The persistence of evil, the oppression of the weak, the perversion of justice challenges the faith of many believers. Painful evidence is cited by many non-believers as cause for their non-belief.

Despite the testimony of many prophets I do not perceive that God uses pain as an instructional device or redemptive tool. Pain may, in fact, prompt learning and lead to redemption, but the pain originates with others, not with God.

Some claim an all-powerful God is missing in action. They say, surely when Pol-Pot, Hitler, and Stalin were playing as gods of death, our God must have been asleep; otherwise our God would have intervened. But I perceive we have received free choice as a divine gift.
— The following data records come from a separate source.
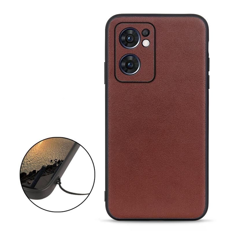 Θήκη τηλεφώνου από γνήσιο δέρμα αρνιού με ακριβείς οπές και υφή για OPPO Reno7 5G International (Καφέ)
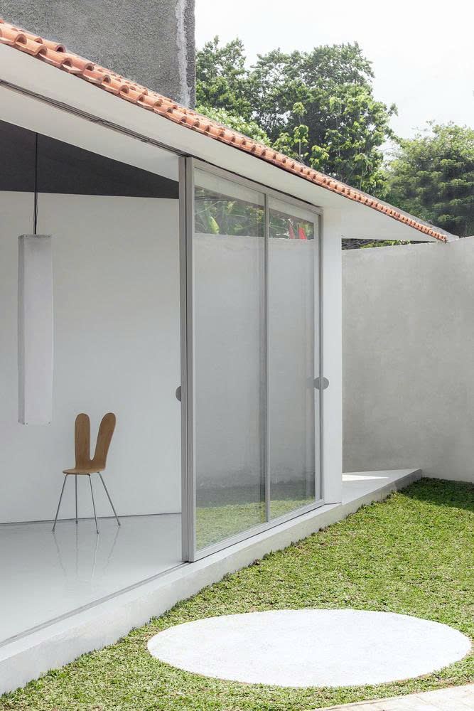 Khung nhôm mảnh và kính trong suốt giúp ánh sáng len lỏi khắp ngóc ngách, tăng cường kết nối thị giác với sân vườn
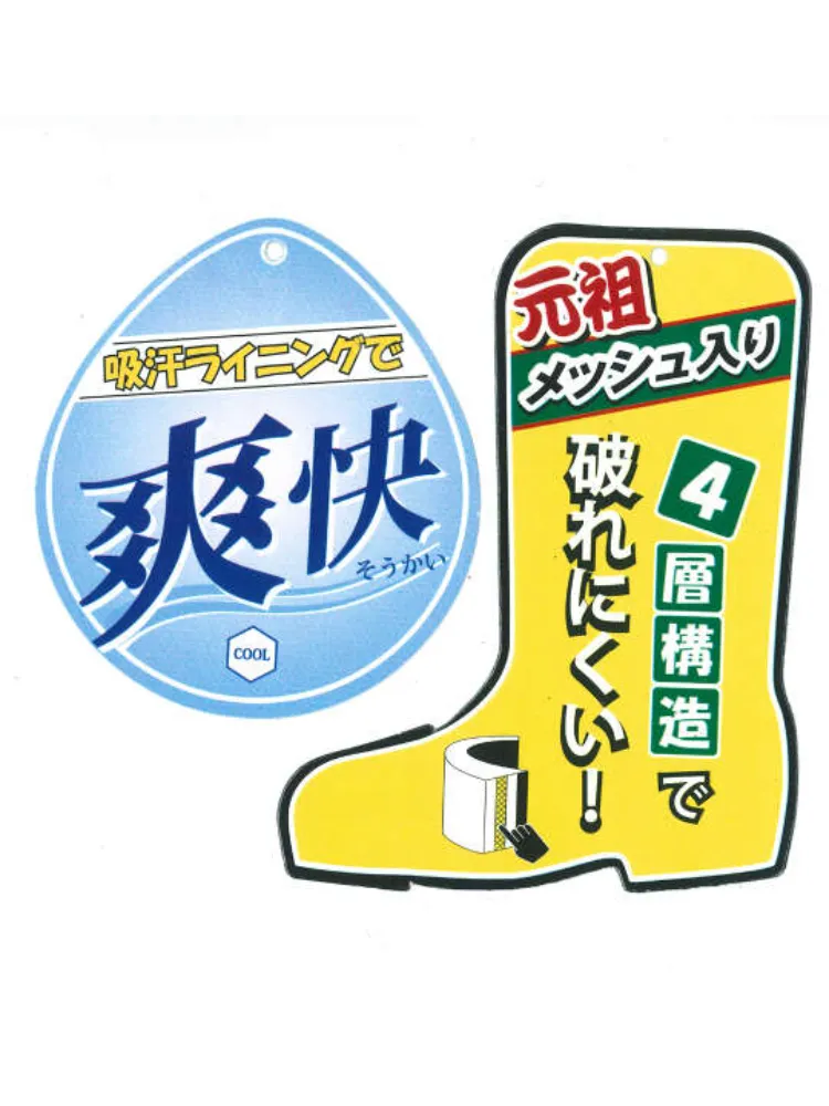 完全防水仕様に加え、「ナイロン」「ゴム」「メッシュ」「ゴム」の4層構造になっているため、一般的なゴム1層の長靴と比べると胴体強度は約3倍!
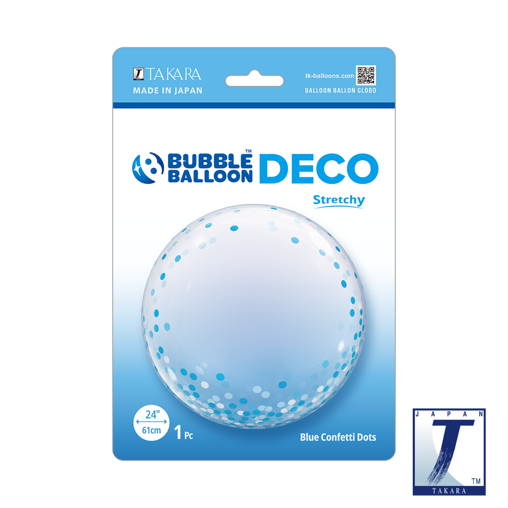 Add a vibrant touch to your celebration with this 24" Deco Bubble Balloon featuring playful blue confetti dots. Its transparent design filled with colorful confetti creates a festive atmosphere, perfect for birthdays, parties, or special events. Lightweight and eye-catching, it effortlessly enhances any décor, making your event unforgettable.
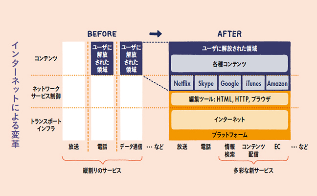 2010年代に入ったころから急速に普及を始めたスマートフォン。従来の携帯電話にはなかったバラエティ豊かなアプリ・サービスが生まれますが、その背景にはインターネットの技術がありました。従来の携帯電話と比べ高い処理能力を持つスマートフォンでは、スマートフォン自身で高度なプログラムを動かす事ができ、また、直接インターネット上のサーバと通信が行えるようになったのです。また、スマートフォンは、プラットフォームが世界共通になったという事も大きな出来事の1つです。海外で始まったSNSが日本でも定着し、インターネットの新しい使い方が広がりました。メールのような1対1のコミュニケーションと、ホームページのような意識的な情報発信の中間のような形で、特に宛先なく気持ちをつぶやき、そしてそれを見たどこかの誰かが「いいね」を返す、そんな緩やかなつながりがインターネットを通して世界を覆うようになりました。

It is a gift we cannot return nor will God reclaim. But God is ready and able to inspire and guide our free choice and help us defeat the evil choices of ourselves and others.

Some assert that God has failed in keeping covenant. Many good people have turned to God as refuge and still have been raped, tortured, and suffered horrible death. I have never faced these sort of challenges, but I have found that the more difficult my life the more likely I am to open myself to God and I have always found God present and full of help.

Freedom is an enormous burden. I choose badly everyday. I know many well-meaning men and women who are everflowing streams of confusion and turmoil. I know a few who clearly delight in inflicting pain and suffering. Each of us, in our own way, have desecrated the dwelling place of God. The problem is not God's absense or passivity, but our choice to separate ourselves from God.